I would have been more worried/upset at having not won the title. As it happens, it never even crossed my mind at the time because, all along, I knew :)
 
I remember running around the Waldorf saying over and over again to people "don't forget Gillingham".
 
Armchair viewer that day. No tantrum. Just resignation really. Other family members had left me to my solitary gloom. Dzeko's goal triggered some sort of frenzy I thought had been killed v's Luton in 1983. If we'd lost 2-1 then I'd have got over the gloom in a day or two. As it was, if it had remained 2-2 and Sky had cut to Phil Jones celebrations in Sunderland, I may well have kicked the TV to pieces and jammed the bits up next door's dog. Hope is a funny old thing.

Spent the summer watching replays in the evening and blubbing.

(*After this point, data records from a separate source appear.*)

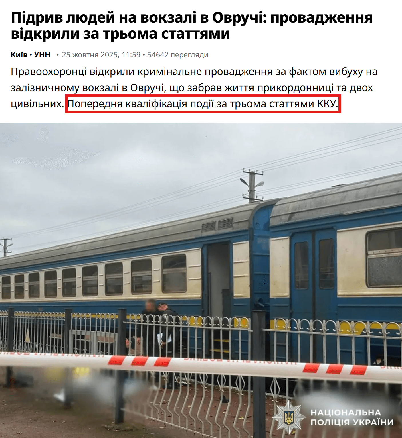 25 октября 2025 года украинское издание «УНН» действительно опубликовало статью о подрыве гранаты в Овруче Житомирской области. Однако медиа не писало, что к этому причастен участник «Контракта 18-24» и вообще не писало о виновнике.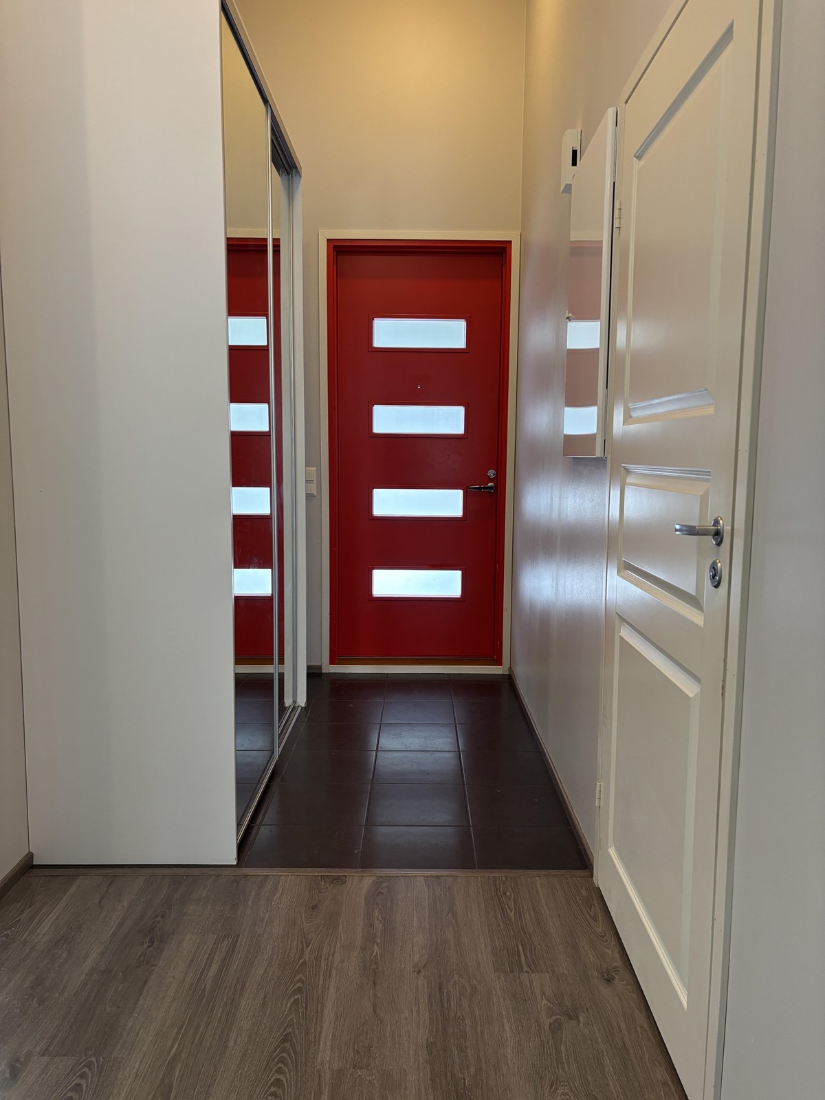 Makuuhuone: Lattiat laminaattia, seinät maalattuja ja tapetoituja. Olohuone: Lattiat laminaattia, seinät maalattuja ja tapetoituja. Keittiö: Lattiat laminaattia, seinät maalattuja ja tapetoituja. Pesuhuone: Laatoitettu.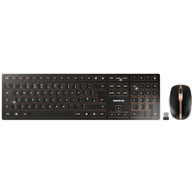 CHERRY DW 9100 Slim Wireless Keyboard & Mouse Set – Premium Dual-Mode Design (Black/Bronze)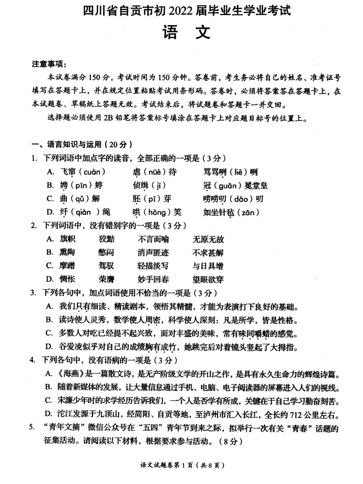 2022年四川自贡初中毕业学业水平考试语文试卷

Only football can do this to large numbers of otherwise stable sane people. Olympics? - my arse.
 
I was stood up a foot or two from the tv for most of the second half (as is the case with me for most matches, but this one was different of course). Just pleading, cursing, hoping, hanging on for hope. It sounds bullshit to say you had a feeling. perhaps it was more of an open mindedness based on the strength of the squad, the fact that we were at home, that it was QPR, whatever it was.. but I can say that when Edin scored I looked at my wife and said "one will get you two, honey". She was holding my infant son, he had his little City shirt on and I kissed him for luck... and I kept looking at the stoppage time and calculating how many more goes we would have at it.. Then as Sergio is bringing his foot back to strike it, it was the holiest of holy shit moments.. when the ball hit the net I took off screaming down my hallway and jumped around every room of my house. My son started crying (happens a lot when I celebrate a goal a little too loudly) so I ran back in and started kissing my wife and son and I just remember my wife rubbing my son's back and trying to calm him and saying "No baby.. daddy's happy. Daddy's so happy."
 
This is all good (still struggle to comprehend it tbh), now imagine how 'they' felt?

And it gets even better :-)

Think it's actually ruined this year a bit though - nothing has or probably can come close.

Think it is affecting the whole support and we need to shake it off. Return of the Posnan was a good sign - we are getting over the shock and trauma and maybe starting to enjoy ourselves again. Hope so.